§ **Assigned task**:
Retype the entries below without any change.

§ **Supplied entries**:
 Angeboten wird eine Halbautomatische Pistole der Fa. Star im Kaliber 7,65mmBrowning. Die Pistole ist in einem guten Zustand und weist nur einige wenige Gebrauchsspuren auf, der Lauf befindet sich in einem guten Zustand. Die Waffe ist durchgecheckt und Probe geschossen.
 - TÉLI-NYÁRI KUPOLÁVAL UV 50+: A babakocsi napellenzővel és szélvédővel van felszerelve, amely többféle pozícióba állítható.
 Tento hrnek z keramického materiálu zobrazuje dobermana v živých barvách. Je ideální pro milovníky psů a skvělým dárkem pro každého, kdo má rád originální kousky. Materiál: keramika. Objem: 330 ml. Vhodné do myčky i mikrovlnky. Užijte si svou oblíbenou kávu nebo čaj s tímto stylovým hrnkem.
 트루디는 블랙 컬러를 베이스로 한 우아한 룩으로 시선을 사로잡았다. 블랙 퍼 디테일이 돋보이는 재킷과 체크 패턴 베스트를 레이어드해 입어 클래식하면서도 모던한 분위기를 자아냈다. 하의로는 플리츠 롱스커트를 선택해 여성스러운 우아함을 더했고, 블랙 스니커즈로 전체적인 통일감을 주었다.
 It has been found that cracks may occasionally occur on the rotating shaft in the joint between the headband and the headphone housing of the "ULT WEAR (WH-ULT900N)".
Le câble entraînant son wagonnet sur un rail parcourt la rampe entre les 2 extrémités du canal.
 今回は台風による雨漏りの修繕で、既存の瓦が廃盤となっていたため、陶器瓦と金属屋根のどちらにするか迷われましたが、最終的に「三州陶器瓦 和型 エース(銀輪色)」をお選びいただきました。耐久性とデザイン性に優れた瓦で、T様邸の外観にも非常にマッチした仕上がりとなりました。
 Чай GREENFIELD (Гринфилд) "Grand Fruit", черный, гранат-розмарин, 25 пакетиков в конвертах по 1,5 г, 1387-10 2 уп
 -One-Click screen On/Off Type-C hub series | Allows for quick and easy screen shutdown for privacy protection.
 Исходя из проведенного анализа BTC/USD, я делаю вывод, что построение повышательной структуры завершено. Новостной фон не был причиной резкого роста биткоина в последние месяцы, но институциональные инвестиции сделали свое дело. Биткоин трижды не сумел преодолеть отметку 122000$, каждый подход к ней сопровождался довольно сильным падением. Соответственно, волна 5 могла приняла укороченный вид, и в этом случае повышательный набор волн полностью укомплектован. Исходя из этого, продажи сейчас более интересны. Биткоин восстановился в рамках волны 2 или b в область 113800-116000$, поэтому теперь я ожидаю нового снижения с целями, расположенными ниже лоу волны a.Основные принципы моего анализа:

§ **Your response**:
 Angeboten wird eine Halbautomatische Pistole der Fa. Star im Kaliber 7,65mmBrowning. Die Pistole ist in einem guten Zustand und weist nur einige wenige Gebrauchsspuren auf, der Lauf befindet sich in einem guten Zustand. Die Waffe ist durchgecheckt und Probe geschossen.
 - TÉLI-NYÁRI KUPOLÁVAL UV 50+: A babakocsi napellenzővel és szélvédővel van felszerelve, amely többféle pozícióba állítható.
 Tento hrnek z keramického materiálu zobrazuje dobermana v živých barvách. Je ideální pro milovníky psů a skvělým dárkem pro každého, kdo má rád originální kousky. Materiál: keramika. Objem: 330 ml. Vhodné do myčky i mikrovlnky. Užijte si svou oblíbenou kávu nebo čaj s tímto stylovým hrnkem.
 트루디는 블랙 컬러를 베이스로 한 우아한 룩으로 시선을 사로잡았다. 블랙 퍼 디테일이 돋보이는 재킷과 체크 패턴 베스트를 레이어드해 입어 클래식하면서도 모던한 분위기를 자아냈다. 하의로는 플리츠 롱스커트를 선택해 여성스러운 우아함을 더했고, 블랙 스니커즈로 전체적인 통일감을 주었다.
 It has been found that cracks may occasionally occur on the rotating shaft in the joint between the headband and the headphone housing of the "ULT WEAR (WH-ULT900N)".
Le câble entraînant son wagonnet sur un rail parcourt la rampe entre les 2 extrémités du canal.
 今回は台風による雨漏りの修繕で、既存の瓦が廃盤となっていたため、陶器瓦と金属屋根のどちらにするか迷われましたが、最終的に「三州陶器瓦 和型 エース(銀輪色)」をお選びいただきました。耐久性とデザイン性に優れた瓦で、T様邸の外観にも非常にマッチした仕上がりとなりました。
 Чай GREENFIELD (Гринфилд) "Grand Fruit", черный, гранат-розмарин, 25 пакетиков в конвертах по 1,5 г, 1387-10 2 уп
 -One-Click screen On/Off Type-C hub series | Allows for quick and easy screen shutdown for privacy protection.
 Исходя из проведенного анализа BTC/USD, я делаю вывод, что построение повышательной структуры завершено. Новостной фон не был причиной резкого роста биткоина в последние месяцы, но институциональные инвестиции сделали свое дело. Биткоин трижды не сумел преодолеть отметку 122000$, каждый подход к ней сопровождался довольно сильным падением. Соответственно, волна 5 могла приняла укороченный вид, и в этом случае повышательный набор волн полностью укомплектован. Исходя из этого, продажи сейчас более интересны. Биткоин восстановился в рамках волны 2 или b в область 113800-116000$, поэтому теперь я ожидаю нового снижения с целями, расположенными ниже лоу волны a.Основные принципы моего анализа:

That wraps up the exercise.